Being an artist and a parent turns out to be a lot like writing in bowling alleys. It’s a time of reckoning: while your child’s napping at school, you learn to cultivate focus, to shut out distraction. You develop new rhythms; you leave your imagination switched on during the daily clamor of the home and the world.
And you discover that what you lose in time you gain in material. The emotional world emerges in its brightest colors. No Greek tragedy can compare to that of a toppled ice cream cone or scraped knee. All those people who warned me that life would change, that I’d have no time, no energy, no money—they were right. But none of them warned me what it would be like to watch my child sleep, either. No one mentioned how noise of the world falls away, and in the sudden silence between you and your kid, the most powerful, deepest currents rise, coursing like blood. The first time I’d fully sensed this fiery love, Grace was just a few days old. She’d fallen asleep on my chest, her tiny breath rising and falling, small fist curled around a few strands of my hair.

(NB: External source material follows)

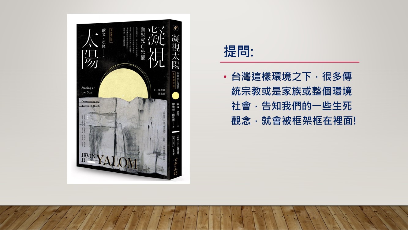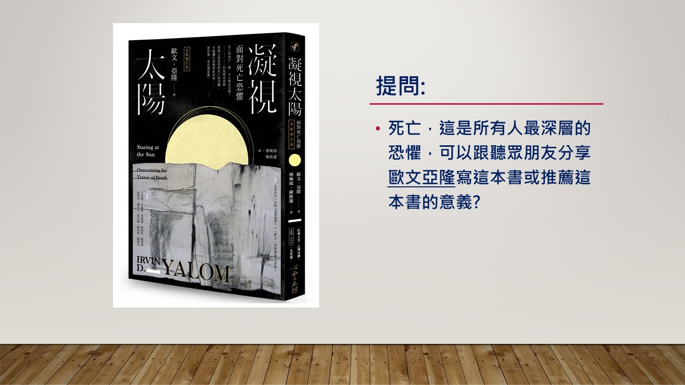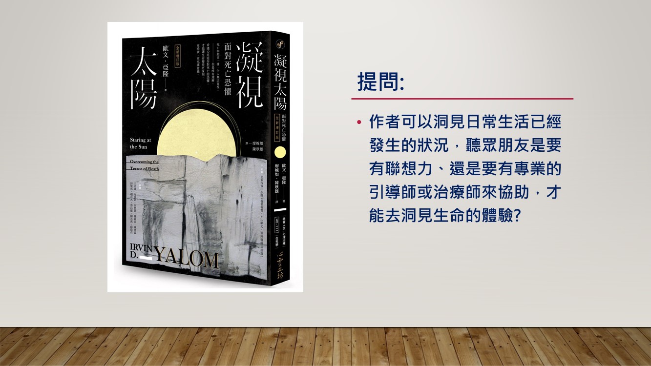 蔡:看這本書直接看跟自己生活經驗去對話就可以,去發現這方面的內涵書裡有一章是歐文亞隆把自己從小第一次接觸死亡,怎麼樣經歷的身邊親人的死亡,自己曾經經歷過一次接近死亡的車禍,後續對死亡焦慮反應及在治療再碰到案例上事情,非常生活化以個人傳記式的經驗方式呈現,沒有太多專業的門檻很庶民化的一本書。

It was like discovering the hidden source of spring water. It foamed and rushed over me and I held my baby, filled with love, gratitude, and a kind of complete surrender.
Those hidden springs are the source for both art and artist. In such places time collapses: all that matters is taking the enormous risk and being open to whatever comes.
I’d once read an interview in which, asked for advice on becoming a writer, a famous novelist suggested that one should be born wealthy. Oh, to have a life of ease, to create at will. Many artists have relied on patrons, family money, their wives, in order to create. For the rest of us—parents or not—I submit that a life of labor and self-support is an honorable and equally creative one. An imaginative thinker is able to dream novels and poetry while filing insurance claims or working over a grill or changing diapers. We must: there’s no other way to live in both worlds, of reality and imagination. I’d suggest, in fact, that this sort of pressure—of time and money—brings insight, force, and vitality to writing. That if you’ve never had to put down your pen or paintbrush and attend to other, less lofty occupations, then you’ve lead a life of deprivation.
Children are firmly in the world of the real—and that of the imagination. Yes, they’re work. They’re expensive and demanding, but they’re also the closest we come to winged creatures; for them, the world retains more shimmer, darker corners, farther skies. A writer should only bring such fairies into her home with care and caution: they are known to be wily, jealous, and destructive—but children are also one of the great elements of the creative life. And whether you feel ready or not, they can show you the way to the unicorns.